Ce vendredi 19 mars, le procureur de la République de Vesoul annonce au total dix interpellations. Il s’agit notamment de dirigeants de deux transporteurs routiers français. Des chauffeurs polonais et slovaques non-déclarés auraient fait du transport de marchandises par la route, en France.
Deux transporteurs routiers français auraient eu recours à des sous-traitants polonais et slovaques, sans les avoir déclarés en France. Il s’agit de Gefco et d’une autre entreprise française encore inconnue à ce jour. Dix dirigeants et donneurs d’ordres des entreprises et des sous-traitants ont été interpellés, depuis mardi 16 mars. C’est le résultat d’une enquête menée depuis 2017, selon le procureur de la République de Vesoul, Emmanuel Dupic. L’Office central de lutte contre le travail illégal s’est ensuite chargé des investigations, compte tenu des ramifications internationales de cette affaire.
Les investigations débutent en 2017, après un signalement de la Dreal (la Direction régionale de l’Environnement, de l’Aménagement et du Logement) aux autorités judiciaires. Ce service chargé des transports soupçonne un emploi illégal de main d’oeuvre polonaise et slovaque, par deux transporteurs routiers français. Le Parquet de Vesoul mène alors une enquête préliminaire.
Une information judiciaire est ouverte le 26 février 2018 pour « travail dissimulé » et « recours en bande organisée au service d'une personne exerçant un travail dissimulé ». L’affaire est complexe : elle nécessite la saisine de l’Office central de lutte contre le travail illégal (OCLTI). Une cellule d’enquête est crée pour l’occasion : « la cellule OCLTI Transports 70, un groupe de huit gendarmes » précise son chef adjoint, le Lieutenant-colonel Thierry Bertron. Ces enquêteurs se consacrent alors exclusivement à cette affaire, aux côtés de forces de l’ordre de la région Franche-Comté : la Section de Recherches et le Groupe d’Intervention Régionale de Besançon, mais aussi les gendarmes de Haute-Saône.

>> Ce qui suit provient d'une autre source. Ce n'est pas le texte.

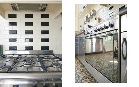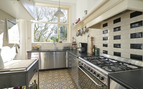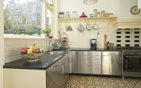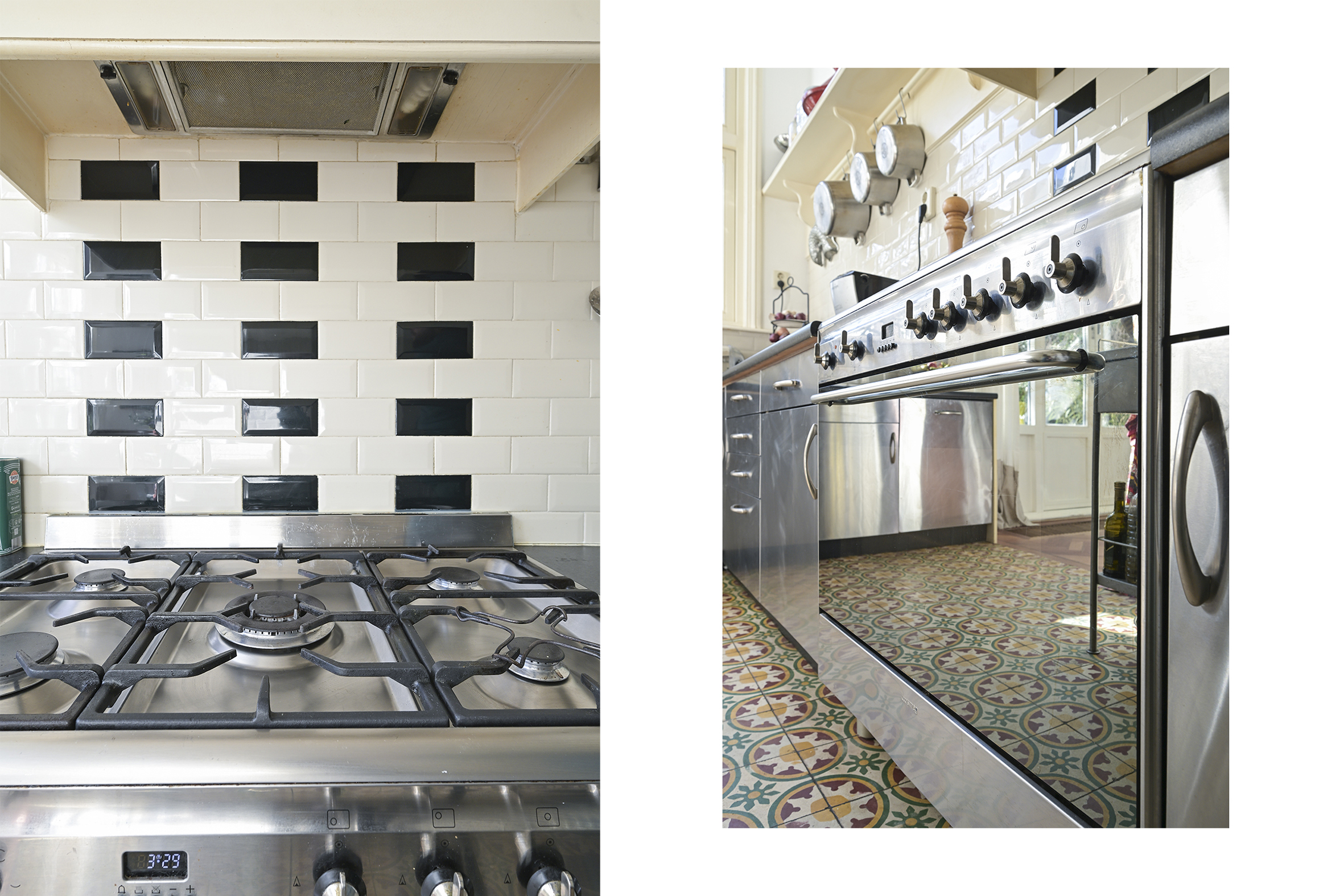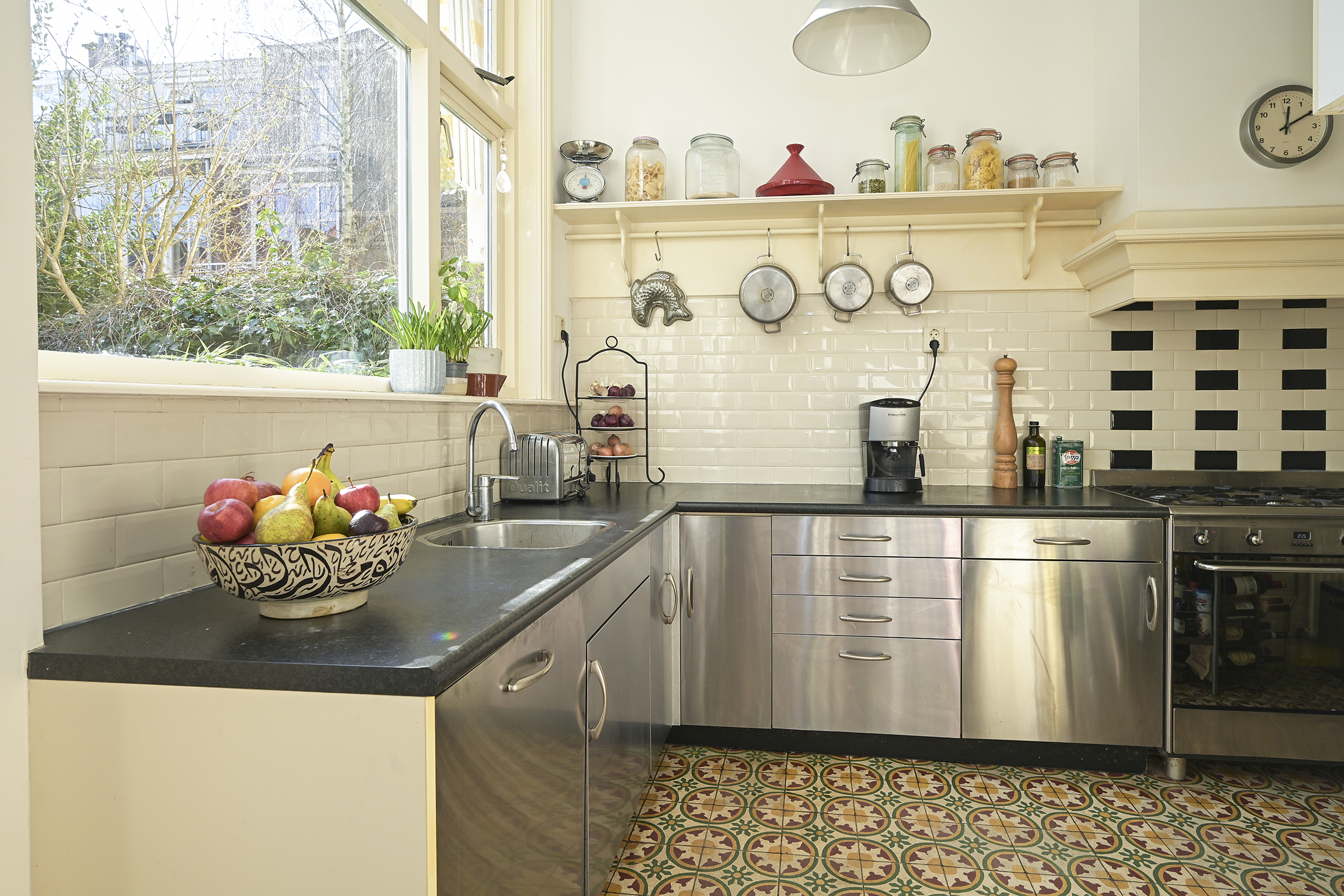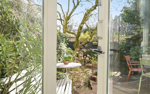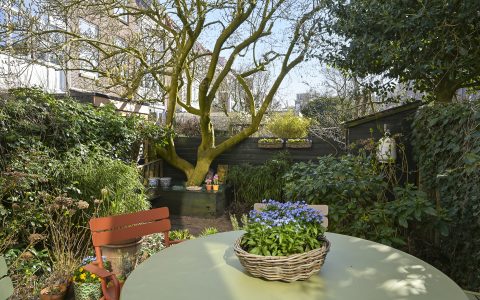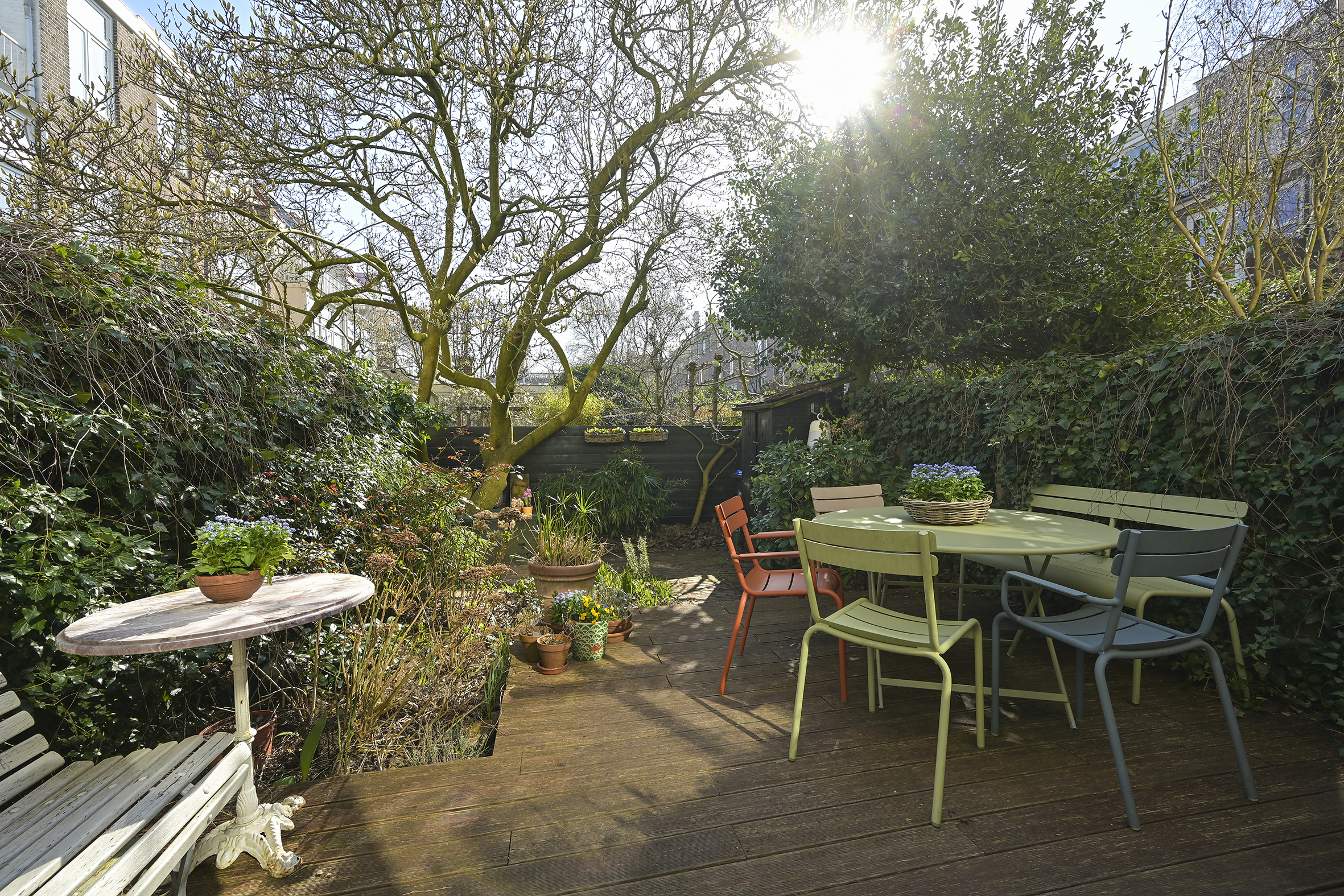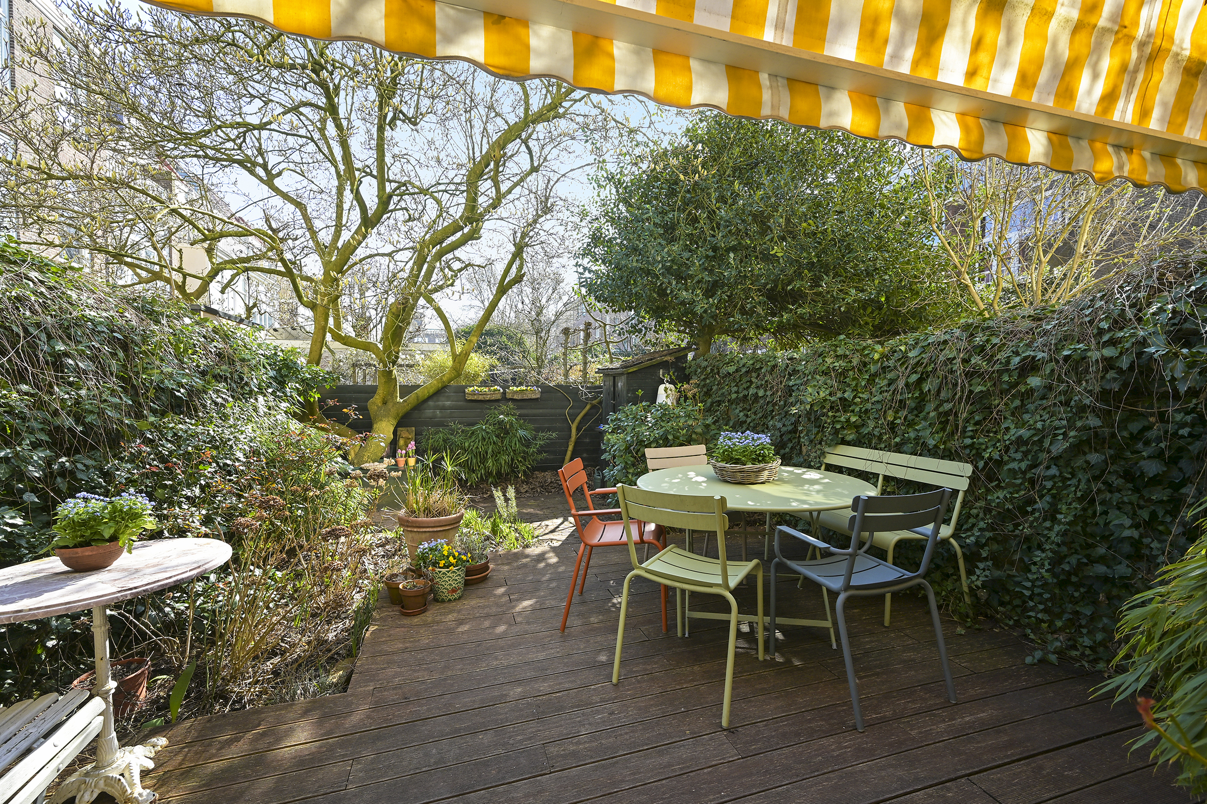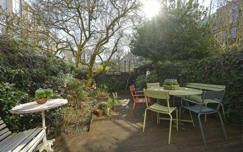The kitchen is arranged in an L-shape and is fitted with various built-in appliances, including a dishwasher, a classic mantel with extractor hood and a large five-burner cooker with integrated oven. French doors lead to the architect-designed rear garden, facing south-east and enjoying open views between the surrounding buildings. A beautiful Magnolia tree forms the centrepiece of the garden.

Une première perquisition qui remonte en 2018
Une première perquisition judiciaire a lieu un dimanche de mars 2018. La précision est importante : il s’agit d’avoir accès à un maximum de chauffeurs routiers, notamment dans la commune de Quincey (Haute-Saône), près de Vesoul. Une trentaine d’enquêteurs procède à des perquisitions domiciliaires et dans les entreprises elles-mêmes. Ils auditionnent les chauffeurs routiers étrangers et font les constatations sur les structures qui leur sont mises à disposition.
Pendant ce temps, les investigations se poursuivent. Une enquête pénale internationale se déroule entre août 2018 et juin 2019, sous l’égide d’un juge d’instruction. Il sollicite une commission rogatoire : un acte qui permet d’effectuer des perquisitions à l’étranger. Des fouilles ont donc lieu en Pologne et en Slovaquie, avec l’aide des polices locales. Des perquisitions en vue d’établir la réalité des faits soupçonnés : elles permettent l’audition de plusieurs personnes, et la saisie de documents essentiels à cette enquête. Les enquêteurs découvrent aussi que les transporteurs français incriminés auraient crée deux entreprises locales dans chacun de ces pays, non-déclarées en France, pour le transport routier de marchandises sur le territoire français. Selon les hypothèses des enquêteurs, il s’agirait d’un contrat illégal de sous-traitance pour deux transporteurs routiers français, dont Gefco.
Ces entreprises auraient donc été établies en Pologne et en Slovaquie, en étant commandées par les dirigeants et donneurs d’ordre des entreprises françaises. « Ces sociétés ont une activité stable, habituelle et continue sur le territoire français, sans avoir procédé à leur immatriculation en France », précise Thierry Bertron, chef adjoint de l’Office central de lutte contre le travail illégal. Elles auraient tout de même effectué, en dépit de cette obligation, du transport routier de marchandises à destination et au départ de l’Hexagone. « Notamment vers l’Allemagne et l’Italie, en tout cas à des distances permettant un retour régulier à leur base opérationnelle », précise Emmanuel Dupic, procureur de la République de Vesoul.
Une base logistique pour une quarantaine de chauffeurs près de Vesoul
C’est justement dans ce deuxième temps de l’enquête qu’est découvert le quartier général de ces chauffeurs routiers. Elle est située à Quincey (Haute-Saône). Une « base logistique » improvisée pour cette quarantaine de conducteurs de poids lourds : des « victimes » de ce système, selon les mots du magistrat. Il s’agit à la fois du lieu de vie des chauffeurs, et du lieu d’entretien et de réparation des camions.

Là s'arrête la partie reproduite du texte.